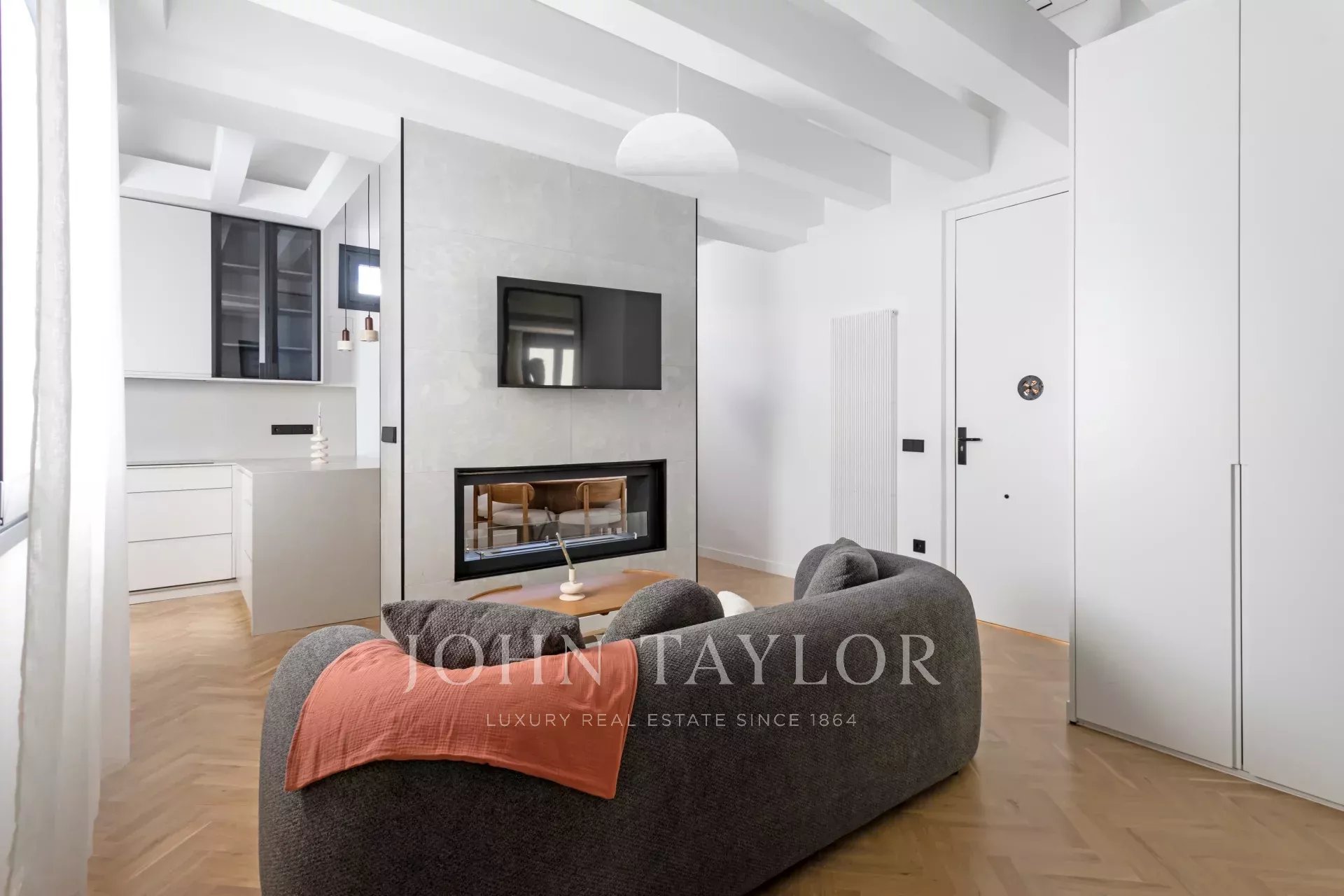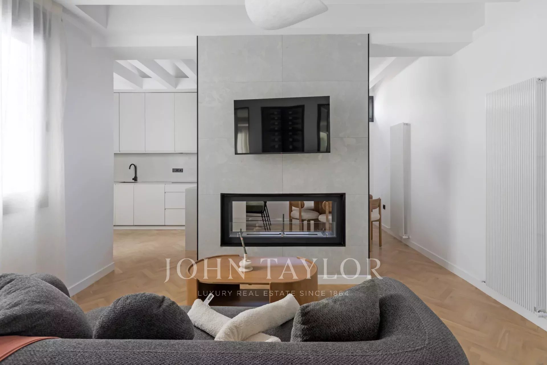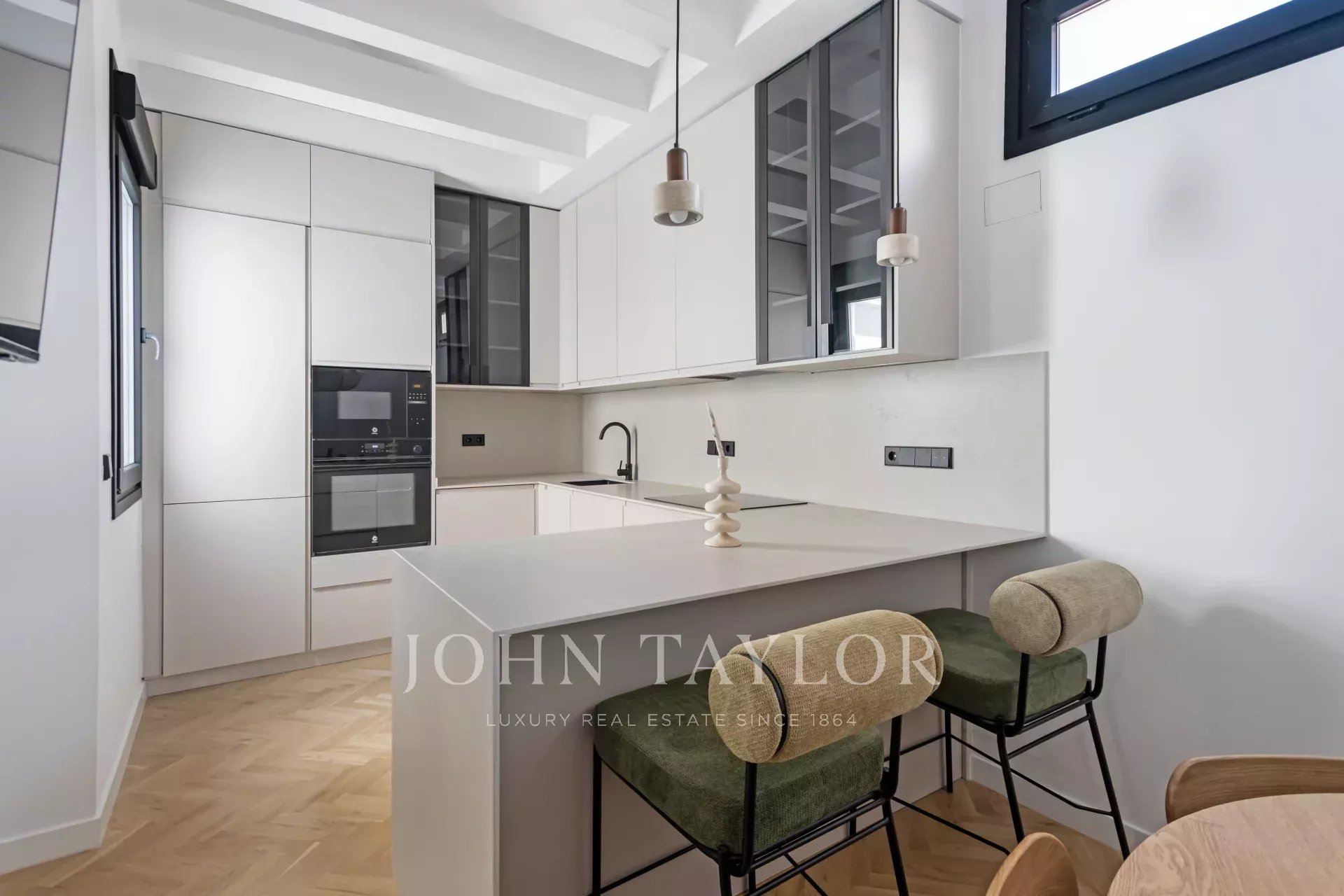 Изысканная квартира площадью 89 м² расположена на четвертом этаже классического здания на улице Санта Энграсия, между Пласа де Чамбери и Пласа де Алонсо Мартинес. Реконструкция, выполненная с отличным вкусом и использованием высококачественных материалов, позволила грамотно использовать пространство и свет, чтобы создать веселую, современную и гостеприимную атмосферу.
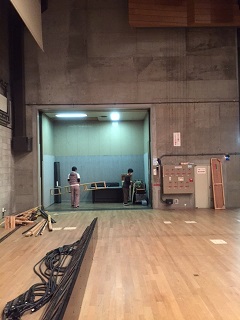 今回は習志野文化ホールでの公演です。 建物の5階に劇場があるので^^;トラックの荷物をリフトに乗せて運びます!
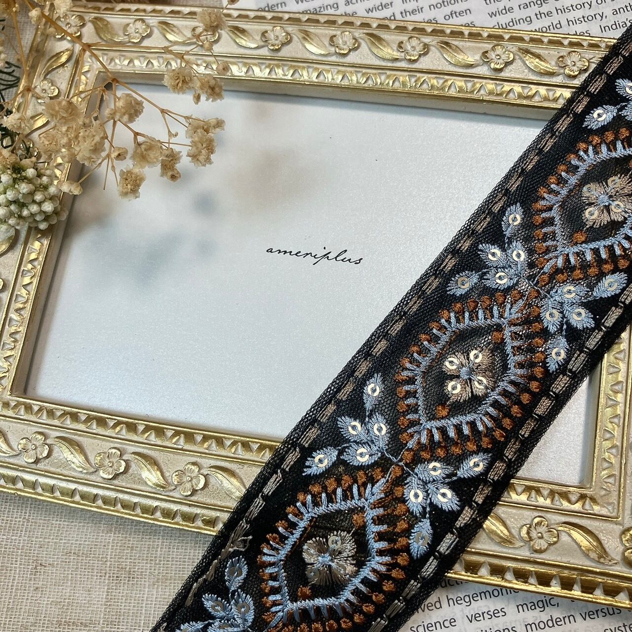 アラベスクリボン [ノクターンブルー]インド刺繍リボン A_0271
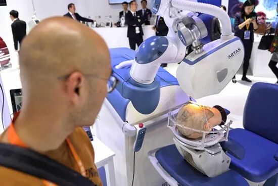 2019年11月6日,上海,一款植发手术辅助机器人首次亮相第二届进博会。该设备在一小时内可以帮助患者植发1500根。视觉中国供图
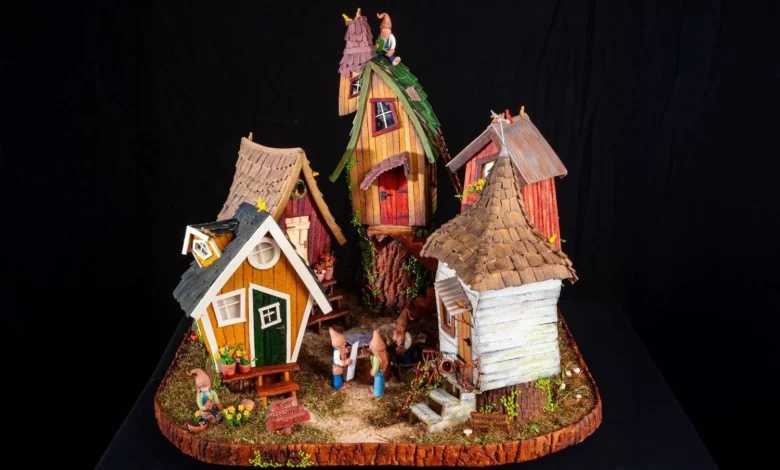 Adult grand-prize winner Mary Hilsman wowed judges with “The Tiny Gnome Builders,” a whimsical village of lopsided gingerbread homes. Each structure was packed with delicate details, from shingled roofs to miniature gardens.
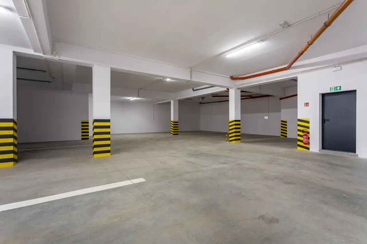 W budynku znajdują się garaże podziemne , winda, narciarnia, rowerownia ,wózkownia
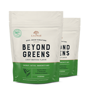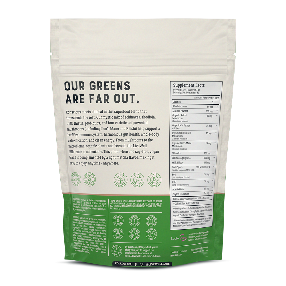 Our greens are far out. Conscious meets clinical in this potent superfood blend that transcends the rest. Our mystic mix of echinacea, rhodiola, milk thistle, probiotics, and four varieties of powerful mushrooms (including Lion’s Mane and Reishi) can help support a healthy immune system, harmonious gut health, whole-body detoxification, and clean energy. From mushrooms to the microbiome, organic plants to probiotics and beyond, the LiveWell difference is undeniable. A little goes a long way in this concentrated, gluten-free, soy-free, vegan blend, complemented by a light matcha flavor.
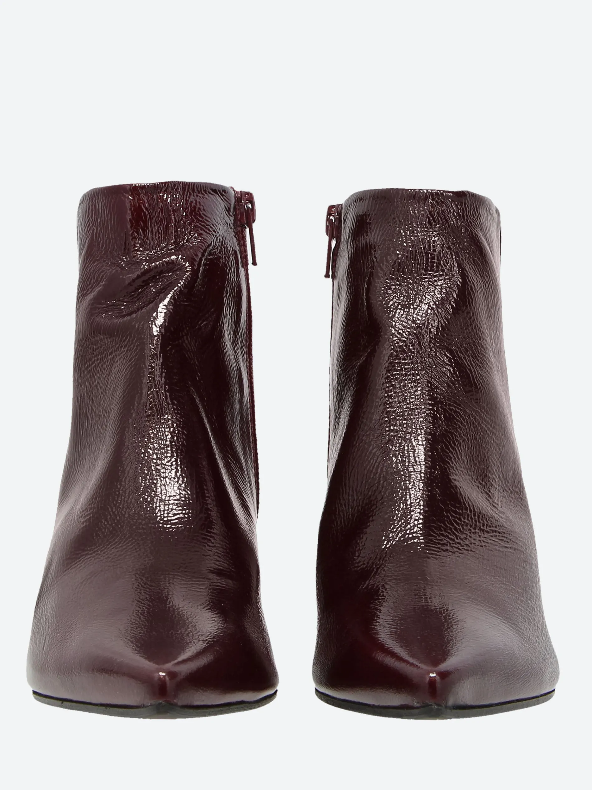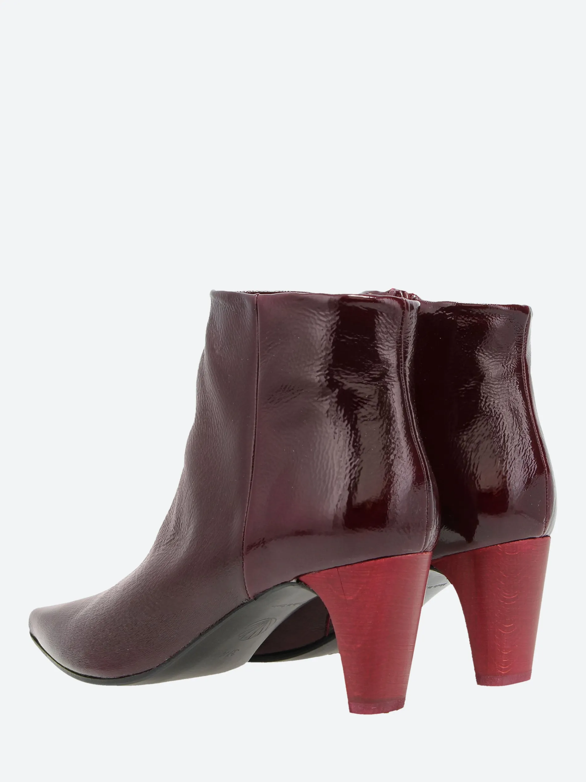 A timeless day-to-night wardrobe essential, the Plato pointed-toe ankle bootie is made up in chic black leather. Featuring a sculpted solid wood oval heel hand painted in a striking red wash. Wear casually with denim or dress to the nines, Plato is the ultimate shapeshifter.
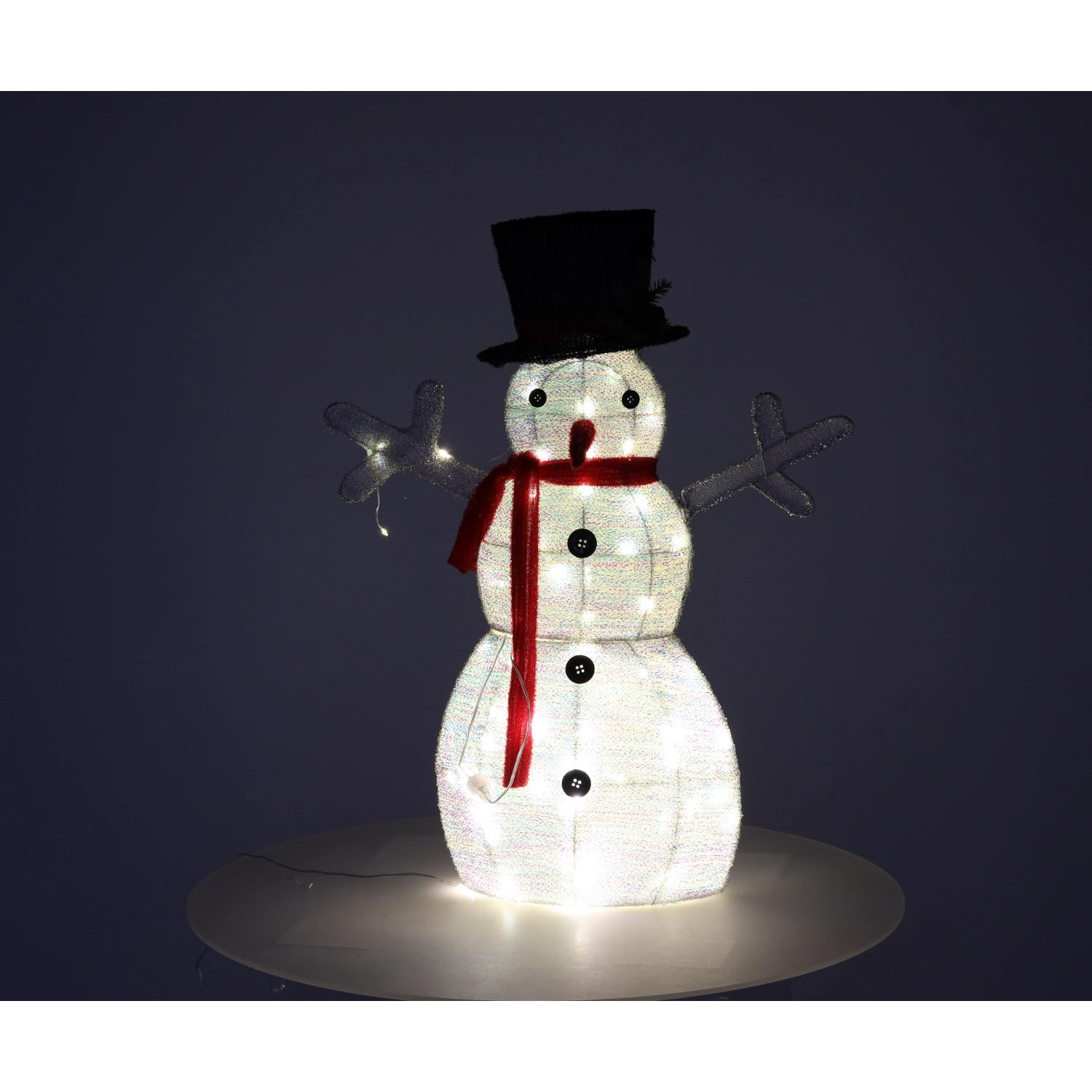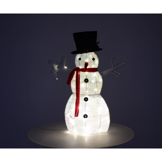 Uroczy bałwan LED o wysokości 72 cm rozświetli Twój dom przyjemnym białym światłem i stworzy przytulną, świąteczną atmosferę. Wystarczy podłączyć go do sieci i od razu cieszyć się zachwycającą zimową dekoracją do salonu, holu lub recepcji.
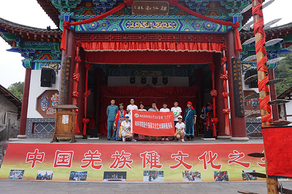 傩戏——古时用于天子所命的庄严祭祀,后逐渐发展至民间,成为去疫、酬神的仪式。最初的戏剧便是由傩戏发展而来,因此傩戏又被称为戏剧活化石。带着极大的兴趣,av在线“赴宁强县文化艺术调研服务队”全体成员驱车前往羌族傩戏文化之乡青木川,并拜访傩戏演绎者郭大爷,从而了解傩戏的起源与发展。听闻来访者是调研傩戏的大学生,郭老开心不已,连忙招呼自己的徒弟和女婿为我们表演。因为时间问题,郭老选取傩戏中最为经典的“上刀山”与“下火海”。
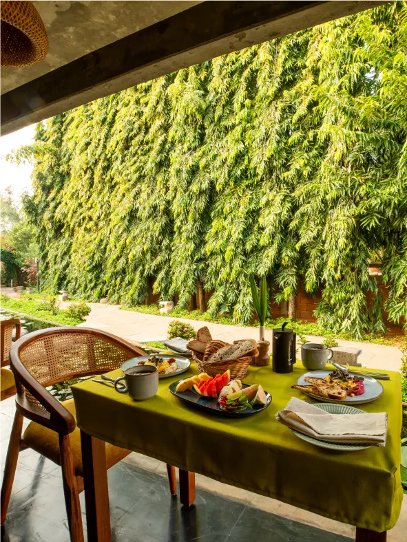 Rooted in sustainability and guided by sensory pleasure, our culinary philosophy celebrates mindful indulgence. The menu draws inspiration from CGH Earth’s Conscious Cuisine ethos and the rich, vibrant food traditions of Tamil Nadu & Auroville—where purpose, place, and flavour come together at the table. Fresh herbs and vegetables are harvested from our organic kitchen garden, complemented by artisanal Auroville produce—cheeses, breads, chocolates, condiments, and grains—that elevate every dish.
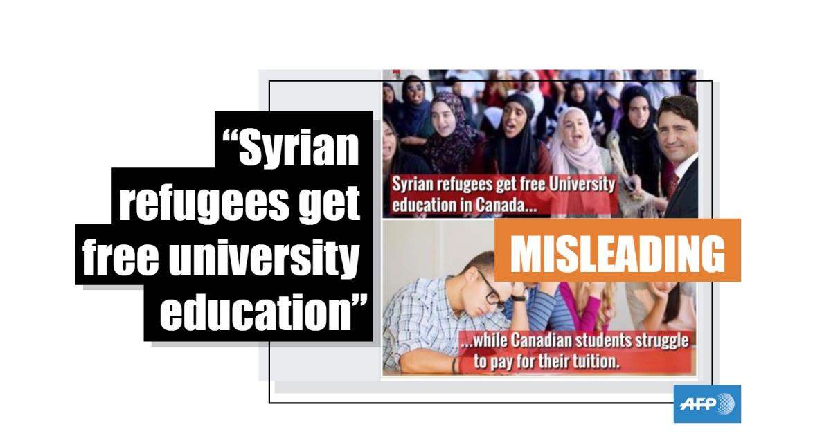 “Syrian refugees get free University education in Canada...while Canadian students struggle to pay for their tuition,” according to a Facebook post causing outrage in Canadian Facebook groups.
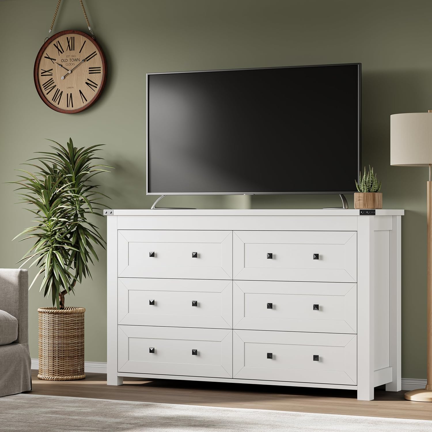- Versatile Usage: BORNOON 6 drawers dresser is designed to meet a variety of storage needs. Use it as a clothing organizer, a TV stand for up to a 60" television, or a stylish storage unit in any room. Its sleek design complements any home décor, making it an ideal addition to bedrooms, living rooms, hallways, or entryways. Organize your space while adding a touch of modern elegance.
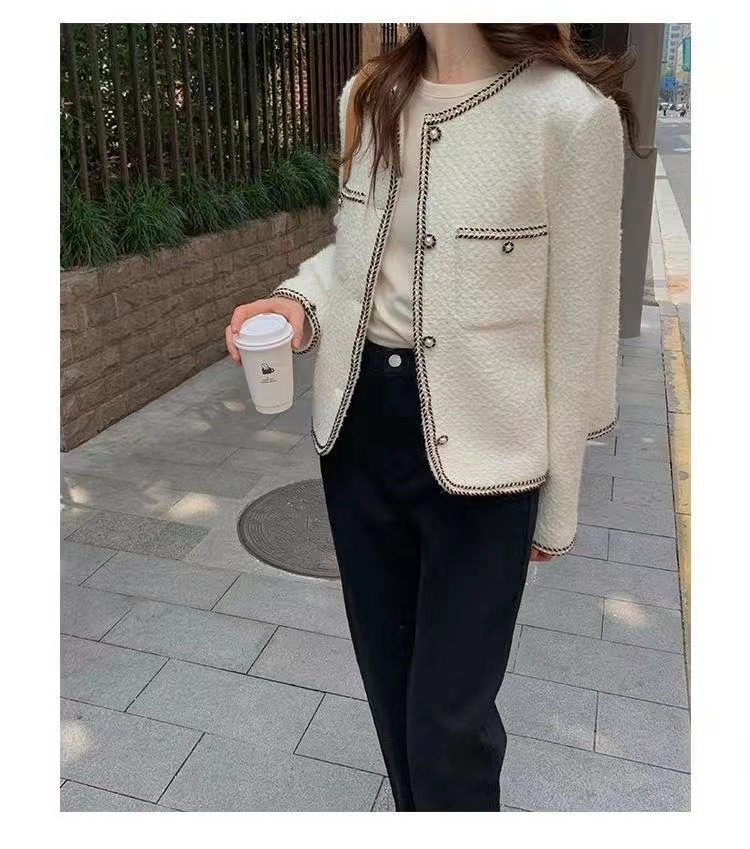 프랑스 사교계 샤넬 스타일 코트 여성 의류 봄과 가을 2023 새로운 작은 고급 기질 올 매치 탑

- **Task item**
Output the lines of the data exactly, starting at the first and ending with the line that has "W budynku znajdują". Pictures are not part of it.

- **Response**
 Изысканная квартира площадью 89 м² расположена на четвертом этаже классического здания на улице Санта Энграсия, между Пласа де Чамбери и Пласа де Алонсо Мартинес. Реконструкция, выполненная с отличным вкусом и использованием высококачественных материалов, позволила грамотно использовать пространство и свет, чтобы создать веселую, современную и гостеприимную атмосферу.
 今回は習志野文化ホールでの公演です。 建物の5階に劇場があるので^^;トラックの荷物をリフトに乗せて運びます!
 アラベスクリボン [ノクターンブルー]インド刺繍リボン A_0271
 2019年11月6日,上海,一款植发手术辅助机器人首次亮相第二届进博会。该设备在一小时内可以帮助患者植发1500根。视觉中国供图
 Adult grand-prize winner Mary Hilsman wowed judges with “The Tiny Gnome Builders,” a whimsical village of lopsided gingerbread homes. Each structure was packed with delicate details, from shingled roofs to miniature gardens.
 W budynku znajdują się garaże podziemne , winda, narciarnia, rowerownia ,wózkownia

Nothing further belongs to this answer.